UUCP:		{decvax, allegra, seismo, cmcl2}!rochester!ur-msbvax!edc


INGTOSAS.QF:

	program ingtosas

c	This program is used to transfer data from ingres to sas.  It is
c	a temporary solution until someone writes the direct interface allowed
c	under sas version 5.

c	The method is to read the relation table in Ingres, and produce a quel
c	script and a sas script.  The quel script copies the data from your
c	table into a temporary table named ingtosas, and copies that table
c	to disk in text form.  The sas program reads the text data set and
c	produces a permanent sas data set.  Data types are preserved.

c	See the ingtosas help file for more information on the use of this
c	program.

c	You should edit this program in 2 areas to get it to work
c	on your system.

c	1) This program spawns a call to a help file in the directory
c	   disk$user1:[utility.source].

c	2) Also, it assumes that the user is writing out the ingres data
c	   set to the disk$user1 device.

c	Once the above details have been taken care of, compile and link
c	the program as follows.  Be sure that the ingtosas.hlb file that
c	is created by the library command is placed in the directory
c	that you specified when you edited the ingtosas.qf program.

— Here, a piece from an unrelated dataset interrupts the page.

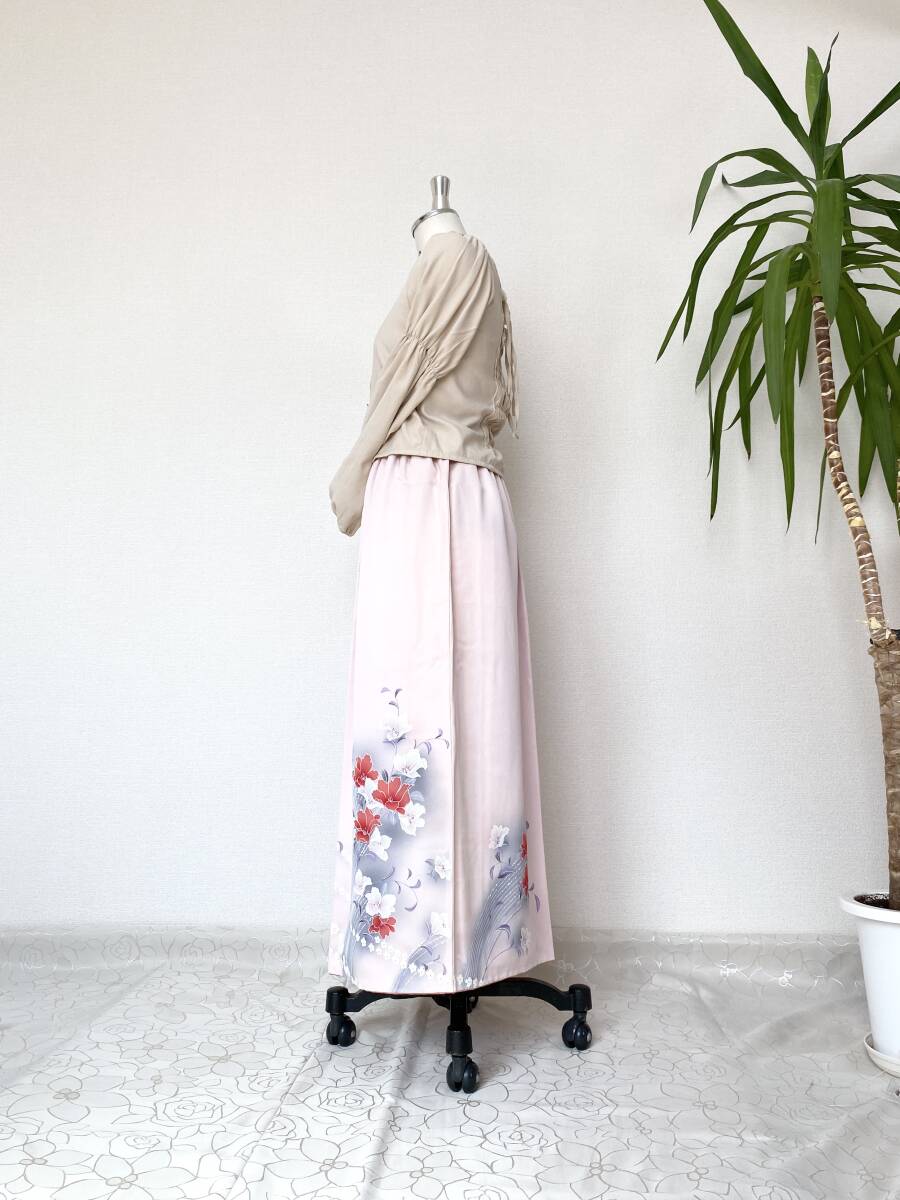 大人可愛いセレブ着物リメイクウエストゴムロングスカートフリーサイズ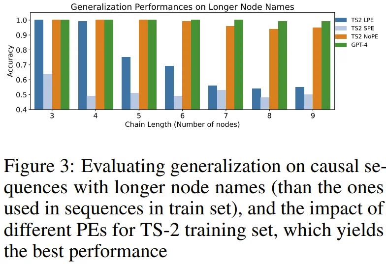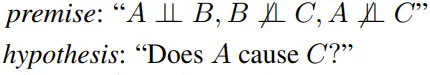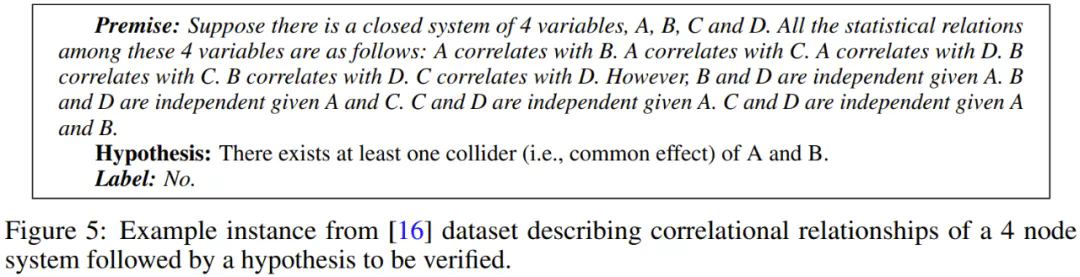 ,其中 n 是每第 i 个前提中的节点数量。P 是前提,即某种因果结构的自然语言表达(如 X 导致 Y,Y 导致 Z);之后是问题 H(如 X 导致 Y 吗?);L 为标签(Yes 或 No)。该形式能有效覆盖给定因果图谱中每条独特链的所有成对节点。

c	$ library/help/create ingtosas ingtosas
c	$ eqf ingtosas
c	$ fortran ingtosas
c	$ link ingtosas,sys_ingres:[ingres.library]libq/library,-
c		sys_ingres:[ingres.library]compatlib/library




## 	declare

	character*1	answer
##	character*2	dba
##	character*3	skipcol
##	character*8	dates(50), money(50)
##	character*9	database
##	character*12	table, varname
	character*100	directory
##	integer		iformat, iformatl, ndates, nmoney, iskip
##	integer		rowcount

c	Instructions

	type 10
10	format (' Do you need instructions? ', $)
	accept 20, answer
20	format (a1)
	if (answer .eq. 'y' .or. answer .eq. 'Y') call lib$spawn
     +	('help/library=disk$user1:[utility.source]ingtosas ingtosas'
     +		,,,6)

c	Name of database and table

	type 100
100	format (/' Name of database: ', $)
	accept 200, database
200	format (a9)
	type 300
300	format (' Name of table: ', $)
	accept 400, table
400	format (a12)
	type 450
450	format (' Name of directory where the output files are to go',
     +		' (no brackets): ')
	accept 460, directory
460	format (a100)

	if (index(table,' ') .eq. 0) then
		nchars_t = 12
	else
		nchars_t = index(table,' ') - 1
	end if


c	Try accessing the database now, so the files aren't created
c	if there's an error.

##	ingres database


c	Open the files to contain the programs.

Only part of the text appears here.